» What you need to do:
Since the pictures are not wanted, retype the listing below exactly and without them.

** Opening Information shown block **

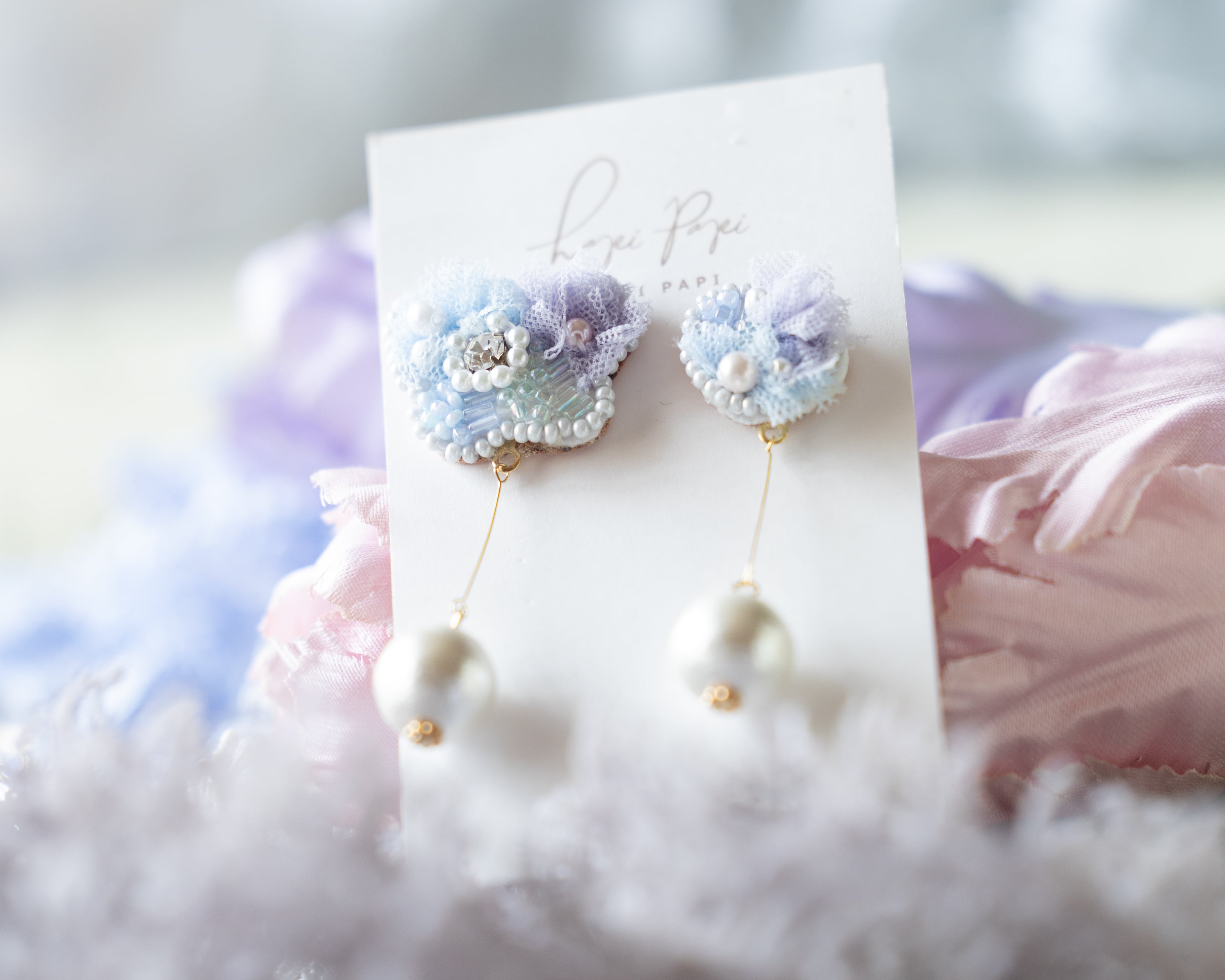夢見る蝶々のピアス|コットンパール揺れるデザイン
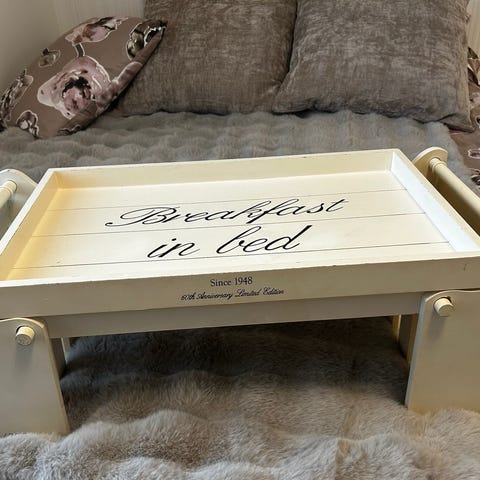 Myydään ihana, valkoinen, aamiaistarjotin jaloilla.
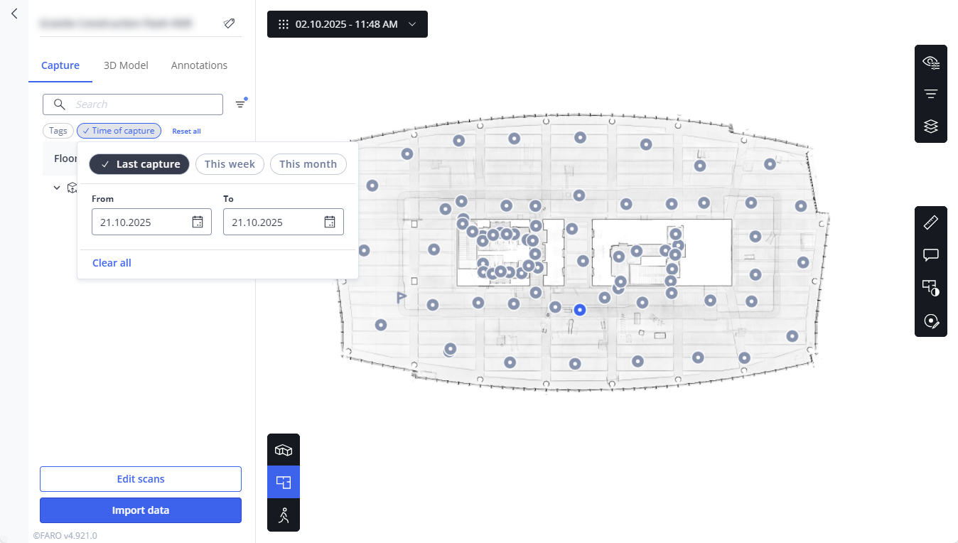 With the Time of capture filter, you can filter your project for a specific capture date. Capture date refers to all additions you make to a project, for example added scans, 360° photos or location markers.
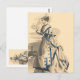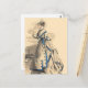 pintura de vintage em azul e branco com uma adorável senhora vestida de roupa vitoriana na beira-mar acenando adeus a um navio no mar, ela está vestindo um bonito chapéu branco com flores azuis e véu, vestido bege com guarnições de fita azuis e botões azuis no estilo da faixa decorativa, e acenando um grande cachecol branco que sopra no mar enquanto o barco voa para um oceano uma com ondas fortes na brisa do oceano ventoso, como a senhora de um vestido vitoriano longo olha para o navio distante no mar

** Closing Information shown block **

» Response:
夢見る蝶々のピアス|コットンパール揺れるデザイン
 Myydään ihana, valkoinen, aamiaistarjotin jaloilla.
 With the Time of capture filter, you can filter your project for a specific capture date. Capture date refers to all additions you make to a project, for example added scans, 360° photos or location markers.
 pintura de vintage em azul e branco com uma adorável senhora vestida de roupa vitoriana na beira-mar acenando adeus a um navio no mar, ela está vestindo um bonito chapéu branco com flores azuis e véu, vestido bege com guarnições de fita azuis e botões azuis no estilo da faixa decorativa, e acenando um grande cachecol branco que sopra no mar enquanto o barco voa para um oceano uma com ondas fortes na brisa do oceano ventoso, como a senhora de um vestido vitoriano longo olha para o navio distante no mar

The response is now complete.